Originally published by 2 Minute Medicine® (view original article). Reused on AccessMedicine with permission.

1. The use of fibrinogen concentrate for fibrinogen replacement, post cardiac surgery, is noninferior to cryoprecipitate.

Evidence Rating Level: 1 (Excellent)

Study Rundown:

A common postoperative complication with cardiac surgery is excessive bleeding which consequently requires blood component transfusion. The guidelines for the management of cardiac surgery-associated bleeding presenting with acquired hypofibrinogenemia recommend use of either cryoprecipitate or fibrinogen concentrate as treatment options. Despite knowing that cryoprecipitate is a non-purified product, has a limited shelf life, and is more difficult to store and administer when compared to fibrinogen concentrate, it remains the treatment of choice in much of North America. This study evaluated the first 24 hours after cardiopulmonary bypass, to analyze the mean number of blood components transfused. The results demonstrated a lower mean value for the allopathic transfusions of the group receiving the fibrinogen concentrate compared to the cryoprecipitate.

This study successfully randomized a large sample size into the study treatment groups while assuring the baseline variables remained balanced. The study was limited by a lack of blinding of the clinicians to the treatment assignment, however, this did not lead to any differences with the timing of transfusions compared to the administering of the treatment. Furthermore, the outcome collection part of the study was completed by blinding the outcome assessors and the patients to treatment allocation. The adverse events and transfusion data was reviewed independently by monitors which strengthens the findings. Lastly, the study results are not generalizable to all patients receiving fibrinogen replacement therapy, given the study inclusion criteria recruiting strictly patients with excessive bleeding post cardiac surgery.

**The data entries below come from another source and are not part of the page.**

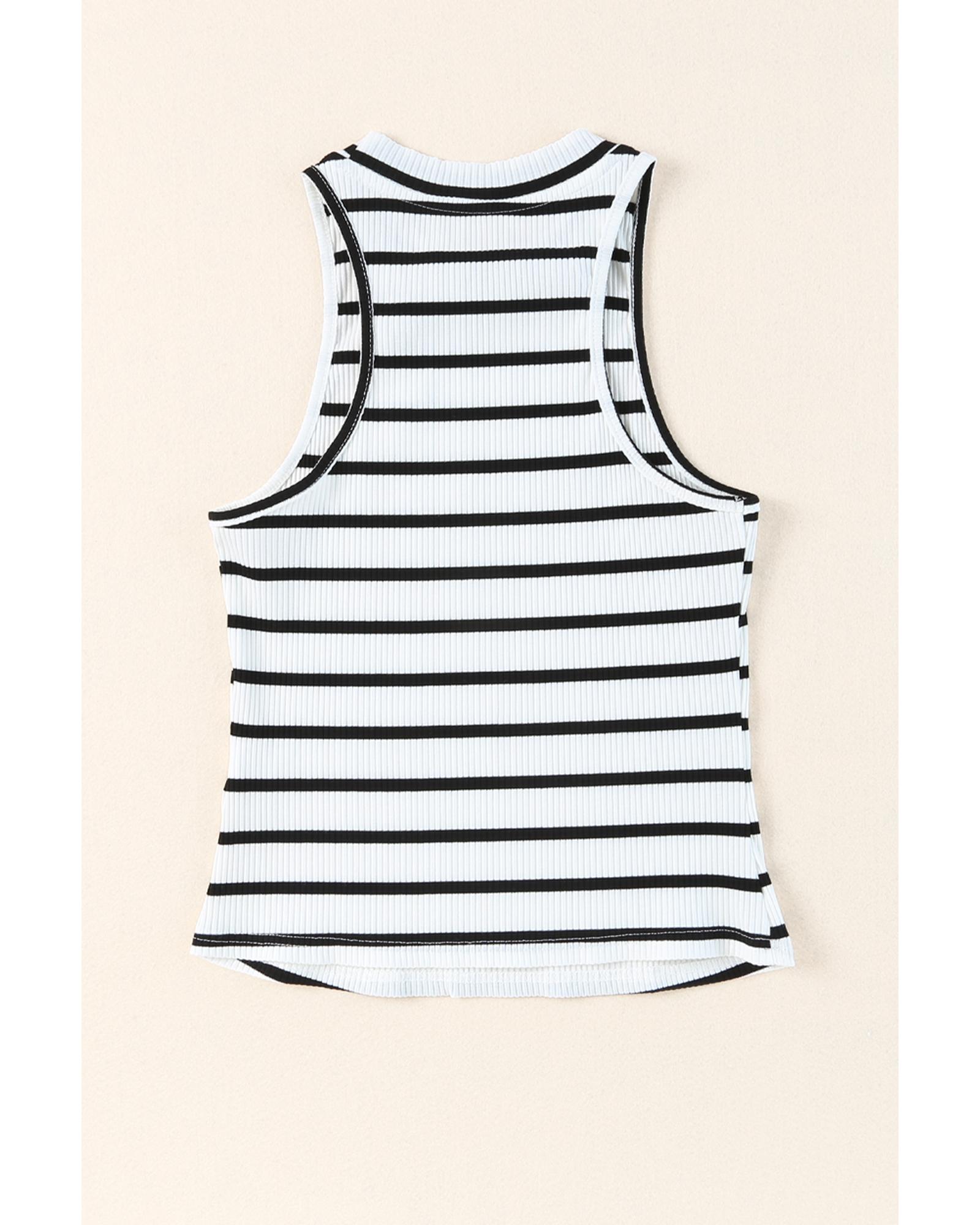 White Striped Print Ribbed O-neck Sleeveless Top – XL
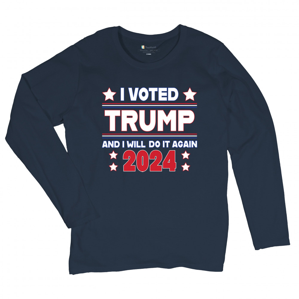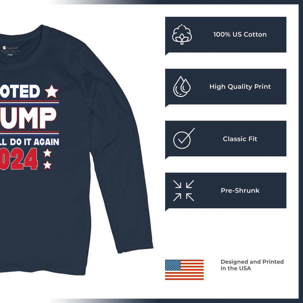 Stand tall as a dedicated Trump supporter with our "I Voted Trump and Will Do It Again 2024" design, showcasing your unwavering commitment to the America First agenda. Let the world know that you stand ready to cast your vote for President Trump once more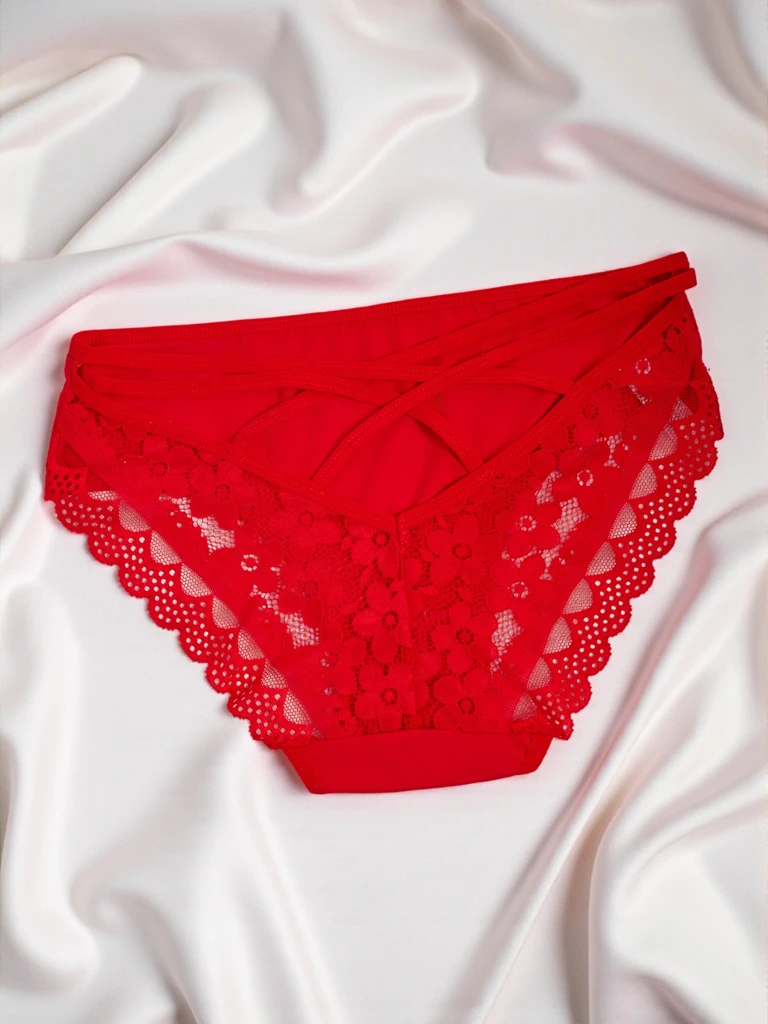 • Жіночі трусики-сліпи з мереживом та декоративними смужками – зручні та дихаючі. М'яка тканина поєднується з ніжним мереживом, створюючи поєднання комфорту та жіночого стилю.

In-Depth [randomized controlled trial]:

This randomized control trial enrolled a total of 827 participants across 11 Canadian hospitals from February 2017 to November 2018. Within 24 hours of patients presenting with excessive bleeding and acquired hypofibrinogenemia post cardiopulmonary bypass, eligible participants were randomized to be in either the cryoprecipitate group (n=412) or the fibrinogen group (n=415) depending on the ordered dose and treatment. Patients were classified using the Clauss method (fibrinogen plasma level <2.0g/L) or FIBTEM (fibrin-based thromboelastometry test extrinsically activated with tissue factor and containing the platelet inhibitor cytochalasin D) – derived clot at 10 minutes <100mm by thromboelastometry. The study exclusion criteria consisted of already having received fibrinogen replacement within 24 hours before surgery, allergies to the study treatments, refusal of receiving blood components for religious or other reasons, plasma fibrinogen level > 3.0g/L within 30 minutes of treatment order and/or known pregnancy. Mean 24-hour post-bypass allogeneic transfusions indicated 16.3 units in the fibrinogen concentrate group (95% CI, 14.9 to 17.8) and 17.0 units in the cryoprecipitate group (95%CI, 15.6 to 18.6)(ratio, 0.96 [1-sided 97.5%CI, ∞− to 1.09; P < .001 for noninferiority] [2-sided 95%CI, 0.84 to 1.09; P = .50 for superiority]). Only 61 patients from the recruited patients, reported a thromboembolic event post treatment, of which 35 belonged to the cryoprecipitate group and 26 in the fibrinogen concentrate group. The findings suggest that fibrinogen concentrate group is noninferior to the cryoprecipitate group after cardiac surgery in patients with excessive bleeding and hypofibrinogenemia.